An integer indicating the number of bootstrap replications to use (when inference = "+bootstrapping" is chosen).

X.org

A dataframe consisting of the original unimputed data (which needs to be specified when inference = "+bootstrapping" is chosen).

inference

A character string, either "standard" for applying multiple imputation combining rules upon the model selection/averaging estimates or "+bootstrapping" if additional bootstrap based inference is required. See reference section for more information.

missing.data

A character string, typically "imputed" when multiply imputed data are provided under X, or "CC" if a complete case analysis is desired, or "none" if there is no missing data.

var.remove

Either a vector of character strings or integers, specifying the variables or columns which are part of the data but not to be considered in the model selection/averaging procedure.

user.weights

A weight vector that is relevant to the analysis model.

candidate.models

A character string specifying whether for criterion based model selection/averaging all possible candidate models should be considered ("all"), or only candidate models with a limited amount of variables ("restricted","very restricted").

model.family

A character string specifying the model family, either "gaussian" for linear regression models, "binomial" for logistic regression models, "poisson" for Poisson regression models, or "coxph" for Cox's proportional hazards models.

add.factor

Either a vector of character strings or integers, specifying the variables which should be treated as categorical/factors in the analysis. Variables which are already defined to be factors in the data are detected automatically and do not necessarily need to be specified with this option.

add.interaction

A list of vectors of either character strings or integers, specifying the variables which should be added as interactions in the analysis model.

add.transformation

A vector of character strings, specifying transformations of variables which should be added to the analysis models.

ycol

A vector or integer specifying the variable(s) or column(s) which should be treated as outcome variable.

CI

A value greater than 0 and less than 1 specifying the confidence of the confidence interval.

kfold

An integer specifying kfold cross validation; to be used when applying shrinkage estimation (method="LASSO/LAE") or criterion CV.

id

A character vector or integer specifying the variable or column to be used for a random intercept in the analysis model.

use.stratum

A character vector or integer specifying the variable used as a stratum in Cox regression analysis.

report.exp

A logical value specifying whether exponentiated coefficients should be reported or not.

print.time

A logical value specifying whether analysis time and anticipated estimation time for bootstrap estimation should be printed.

print.warnings

A logical value specifying whether warnings and any other output from the function should be printed or not.

...

Further arguments to be passed, i.e. for functions lae, dredge from the MuMIn package or bic.glm and bic.surv from the BMA package.

Details

Model selection/averaging will be performed on each imputed dataset. The results will be combined according to formulae (7)-(10) in Schomaker and Heumann (CSDA, 2014), see References below for more details. If inference="+bootstrapping" is chosen, then the procedure described in Table 1 will be performed in addition to standard MI inference. For longitudinal data (specified via id) the bootstrap is based on the subject/person/id level. To obtain insightful results from bootstrap estimation B should be large, at least B>200 and plot.mami may be used.

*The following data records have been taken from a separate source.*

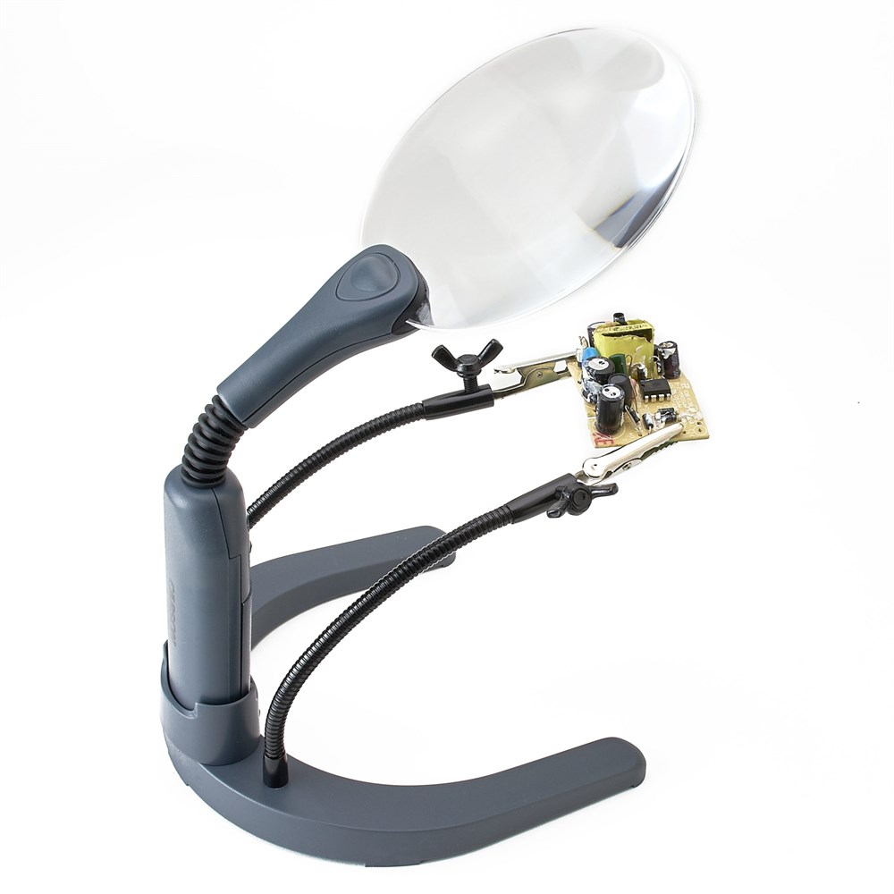 HelpingHands Magnifier™ har en kantfri design slik at sikten din ikke hindres. Ideell for hobbyer, modellbygging og liten elektronikk. Selve forstørrelsesglasset kan også tas av og brukes løst.
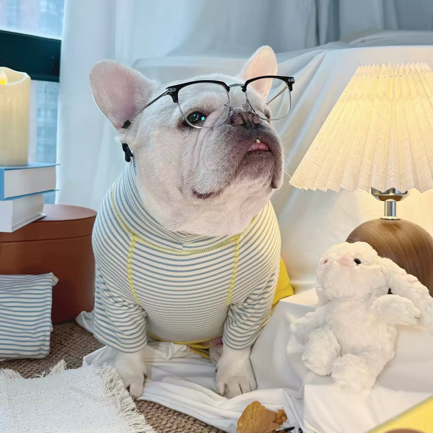 We recommend starting with our Dog Pajamas Collection to keep your Frenchie’s tummy warm and cozy, especially during cold nights.
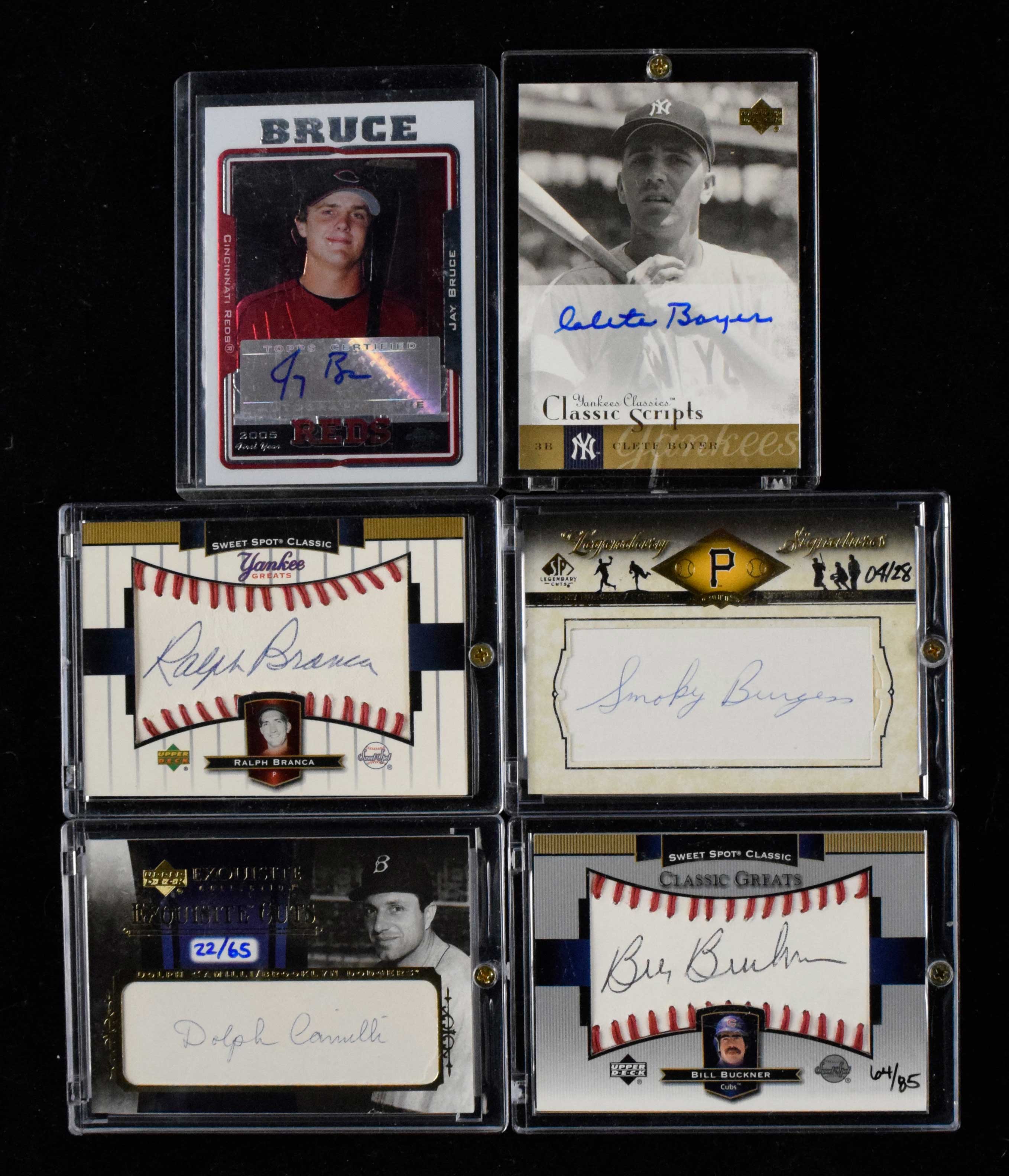 Description:Lot of (49) signed baseball insert cards (NM-NM/MT overall). Includes (2) Bill Buckner, Smoky Burgess (#ed 4/28), Dolph Camilli (#ed 22/65), (2) Cleye Boyer, (2) Ralph Branca, (8) Jay Bruce, Oil Can Boyd (#ed 22/99), (3) Byron Buxton, (6) Billy Butler, (6) Matt Cain, (6) Clay Buchholz, Jackie Bradley Jr, (3) Melky Cabrera, (4) Taylor Buchholz, (2) Ryan Braun (pitcher), and Billy Buckner. Signatures rate 8 to 10 out of 10: NM-NM/MT overall
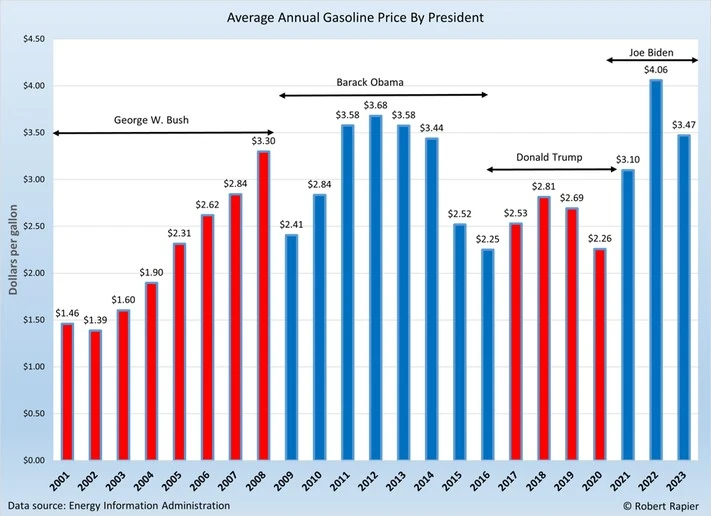 Under Trump gasoline was about $1.80 a gallon….but you voted against that
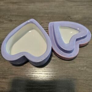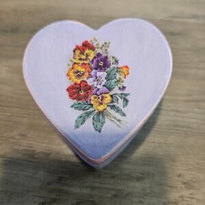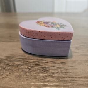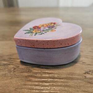 Vintage Floral Heart Trinket Jewelry Box Pastel Purple Ceramic Keepsake Cottage
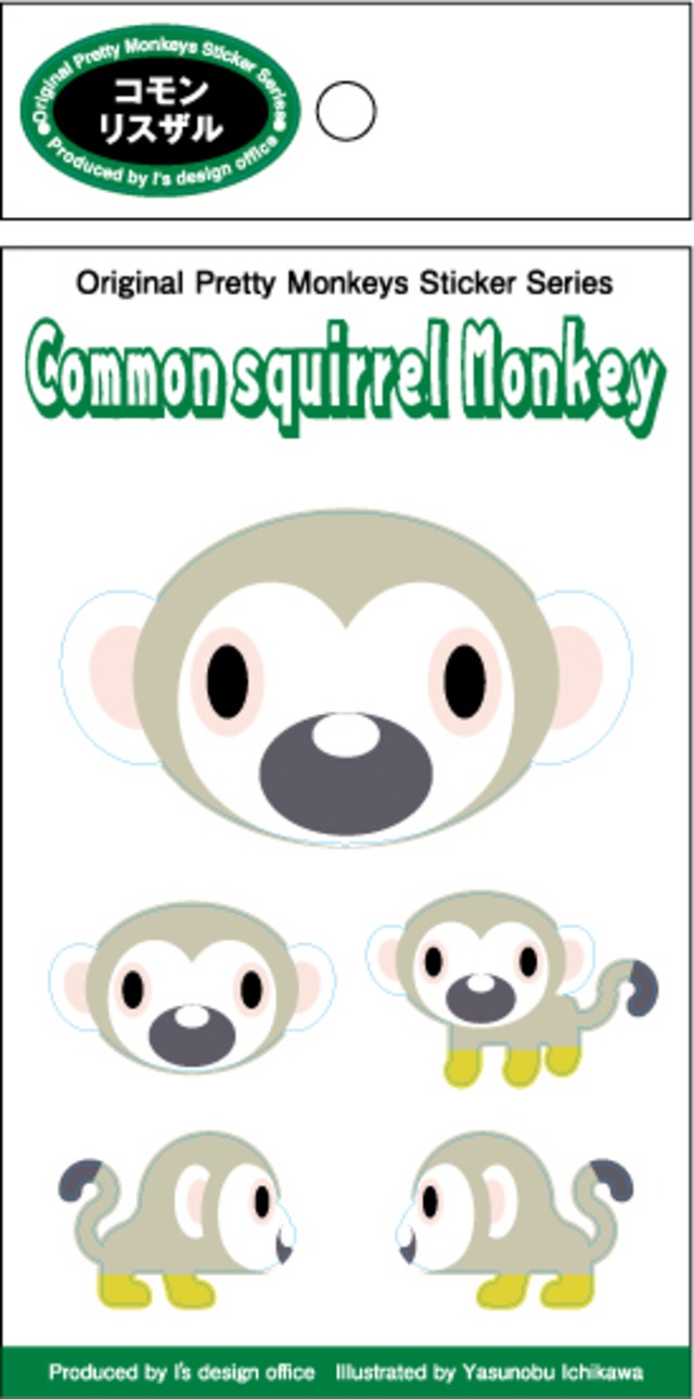 5種類の可愛い猿・ステッカー【コモンリスザル】
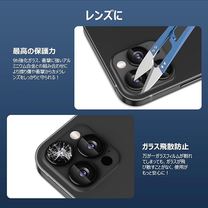 【対応機種】iPhone 15 Pro /iPhone 15 Pro Max専用レンズカバー。素材:アルミ合金 +日本旭硝子製・ 9H強化ガラス・傷がつきにくい
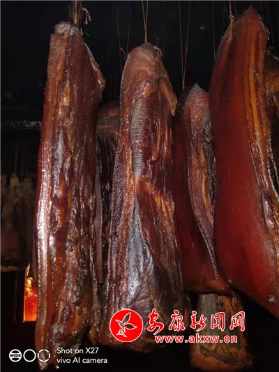 烘房里掛滿了密密麻麻的臘肉。一塊塊臘肉金黃油亮,散發(fā)著沁脾的臘香,幾段青岡木橫在地上,灰白的余燼中閃著火星。
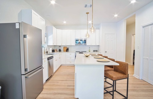 This beautifully designed home offers a modern urban retreat with a touch of Texas charm. With 4 bedrooms and 3 full bathrooms, the house comfortably accommodates up to 15 guests. Each bedroom is thoughtfully furnished with comfortable beds, stylish décor, and plenty of storage space for your belongings.

Note that a variable will be formally selected if it is selected (by means of either model selection or averaging) in at least one imputed set of data, but its overall impact will depend on how often it is chosen. As a result, effects of variables which are not supported throughout imputed datasets and candidate models will simply be less pronounced. Variable importance measures based on model averaging weights are calculated for each imputed dataset and will then be averaged.

If method="criterion.average" is chosen and the number of variables is large, then computation time might be a burden and obtaining results can even become unfeasible. The reason for this is that for criterion based model averaging the implementation of package MuMIn is used, which considers all possible candidate models, that is 2^p different candidate models for p parameters to estimate. If it is clear that only a subset of variables are relevant then the options candidate.models="restricted/very restricted" may be useful which essentially specifies that only up to a half/fourth of the provided variables can be added to a single candidate model. However, this option should be used with caution. Alternatively criterion="BIC+" can be used which utilizes efficient Bayesian Model Averaging based on the leaps algorithm of package "BMA". Also, one may consider a model selection or averaging strategy not implemented here and combine estimates "by hand" according to formulae (7)-(10) in the cited reference below.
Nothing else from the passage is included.